Different PCB via types affect layer transitions, routing density, fabrication complexity, drill strategy, impedance behavior, and assembly yield. A simple 4-layer industrial control board may only need standard through vias, while a fine-pitch BGA or high-speed communication board may require microvias, via-in-pad, or backdrilling.

What Are PCB Vias?
A PCB via is a plated hole or laser-formed interconnection that electrically connects copper features on different layers of a printed circuit board. Vias let signals, power, and ground move between layers when routing cannot stay on one surface.
In a low-density design, vias are mainly a routing convenience. In a dense or high-speed design, the via structure becomes an engineering decision that affects stackup planning, manufacturability, cost, reliability, and electrical performance.
The most important thing to remember is that a via is not just a hole. It also brings pad size, drill tolerance, annular ring, aspect ratio, anti-pad size, plating quality, and sometimes resin filling or copper capping into the design decision.
Main PCB Via Types
The most common way to classify vias is by how many layers they connect and how they are manufactured.

Common PCB via types used in multilayer and HDI designs.

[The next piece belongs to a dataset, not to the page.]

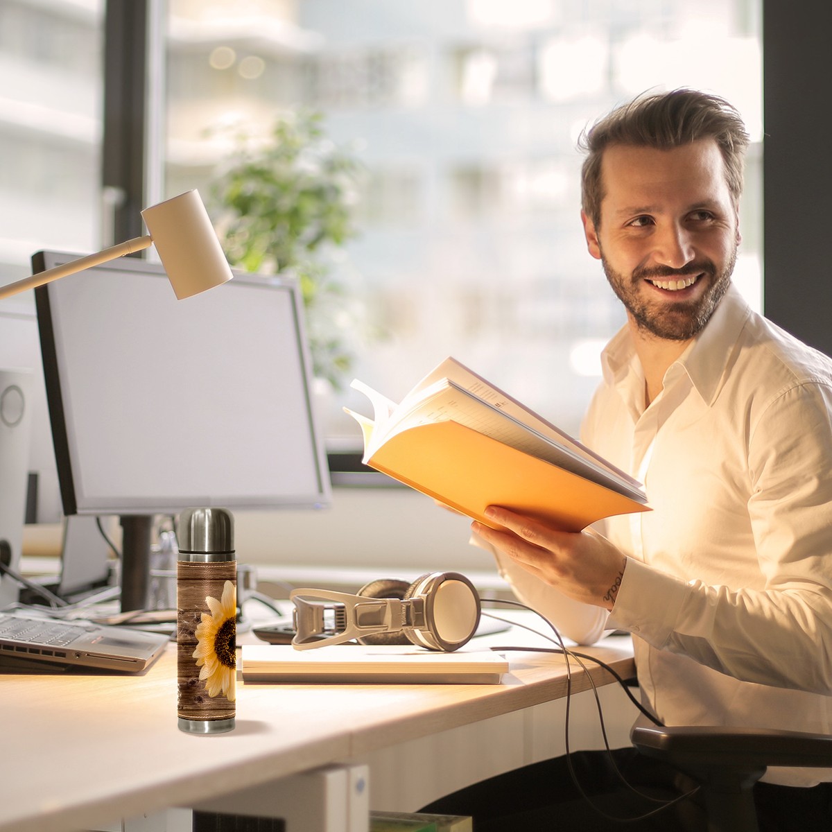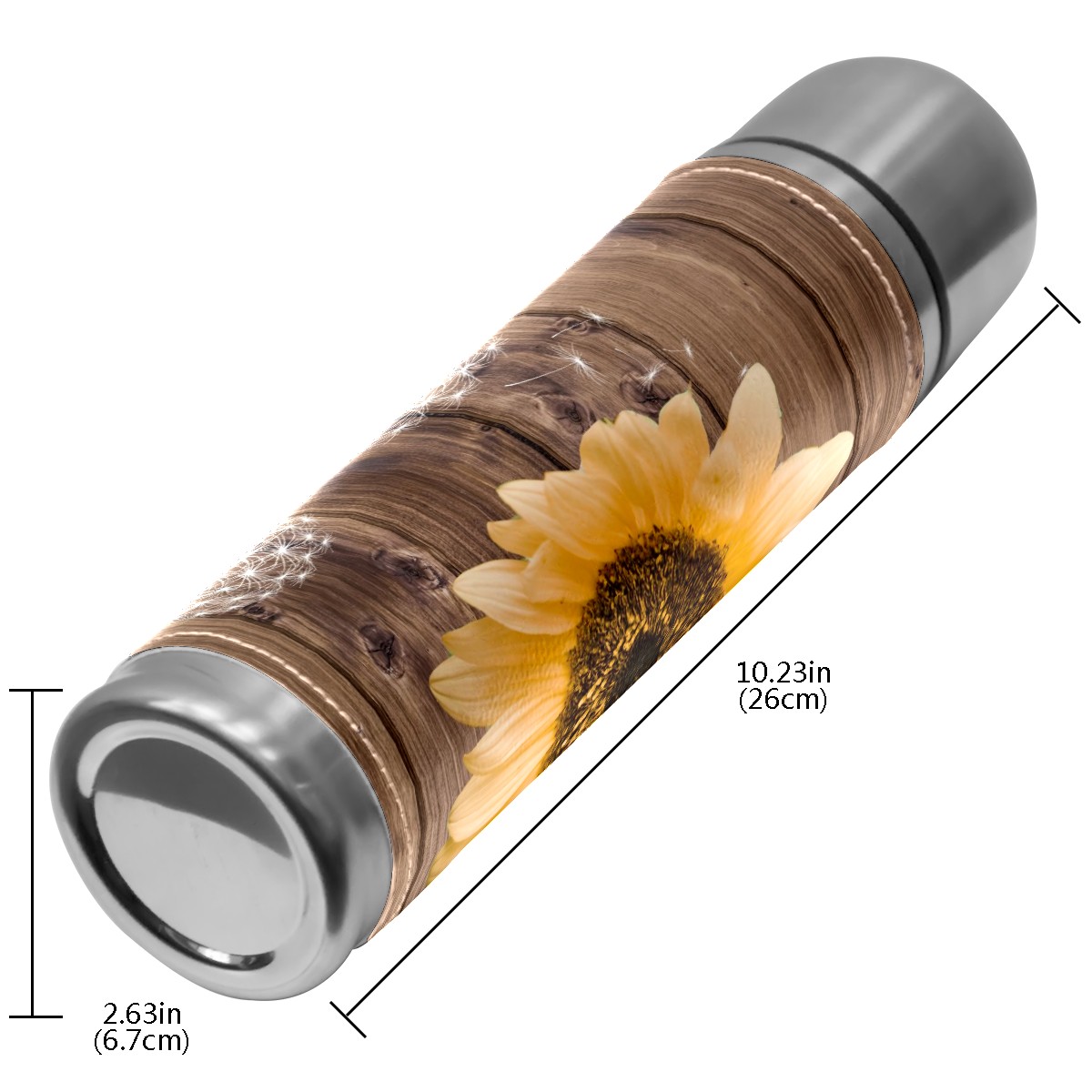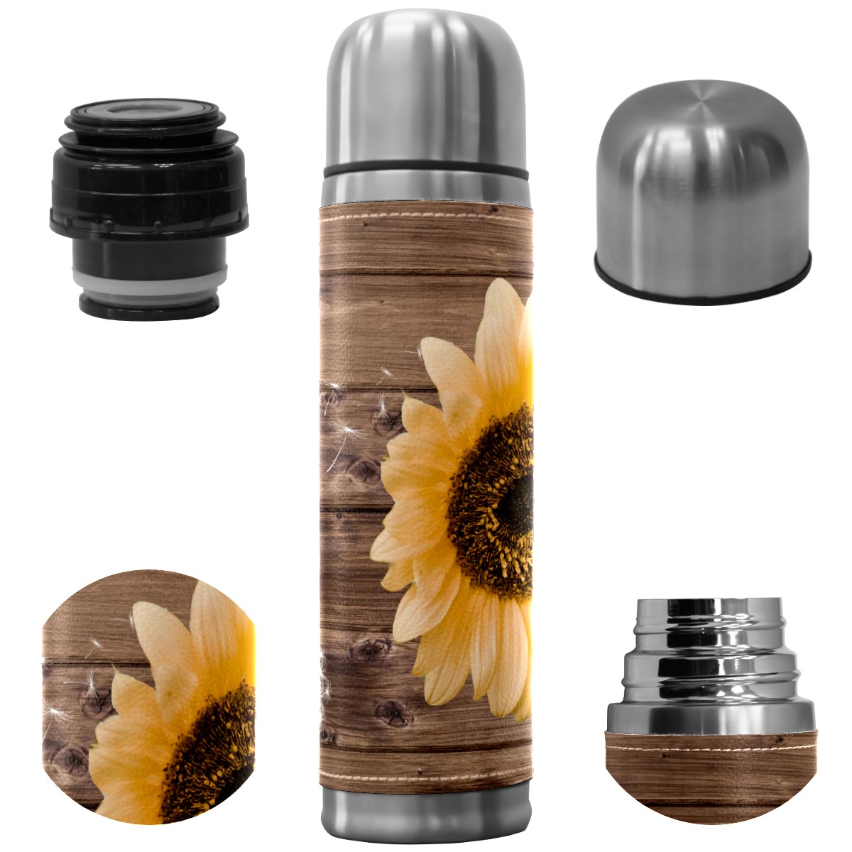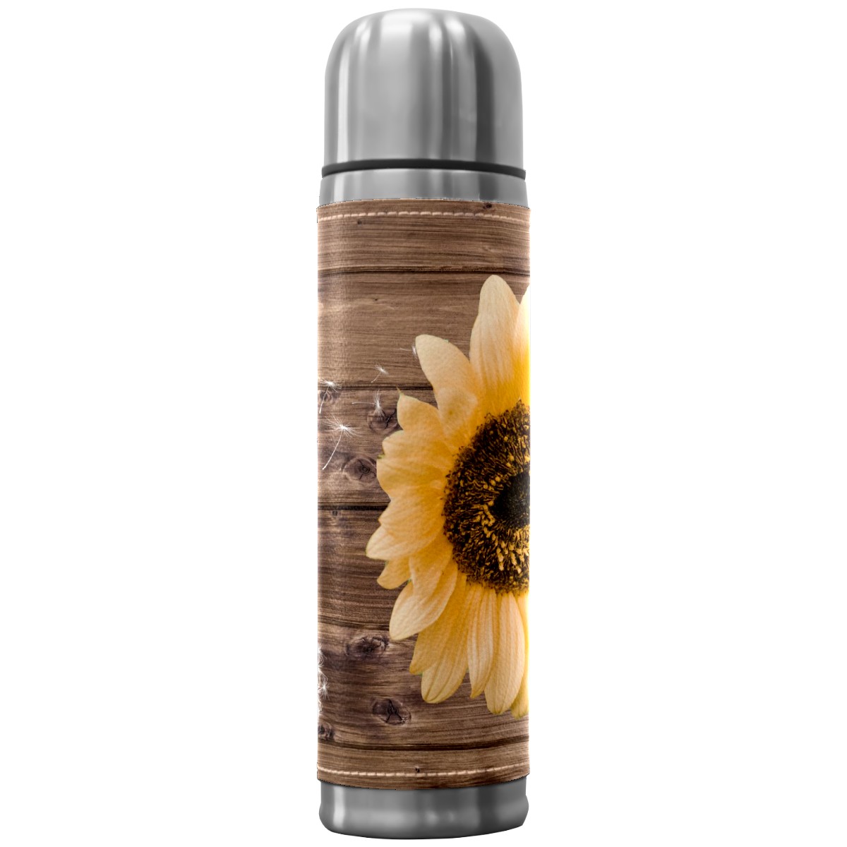 Water Bottle Wood Dandelions Yellow Sunflower Stainless Steel PU Leather Vacuum Insulated Travel Mug 17OZ Double Walled Coffee Cup Flask

| Via Type | Connects | Typical Use | Relative Cost | Main Limitation |
|---|---|---|---|---|
| Through hole via | Top to bottom through full board | General routing, power, standard multilayer PCBs | Lowest | Occupies space on every layer |
| Blind via | Outer layer to one or more inner layers | Higher routing density, partial layer transition | Medium to high | More complex lamination and drilling |
| Buried via | Inner layer to inner layer only | Dense multilayer routing | High | Cannot be accessed from outer layers |
| Microvia | Usually laser-drilled between adjacent layers | HDI boards, fine-pitch BGAs, compact modules | High | Limited depth and tighter process window |
| Via in pad | Via placed directly in component pad | Fine-pitch BGA escape routing | High | Usually needs filling and plating |
| Backdrilled via | Standard via with unused stub removed | High-speed signal integrity improvement | Medium to high | Extra fabrication step |
In practice, through vias handle most conventional boards. Blind, buried, and microvias are usually selected when routing density or package pitch justifies the added process cost.
Through Hole Vias
Through hole vias run from the top layer to the bottom layer and pass through the entire PCB thickness. They are the standard via type used in most commercial and industrial boards.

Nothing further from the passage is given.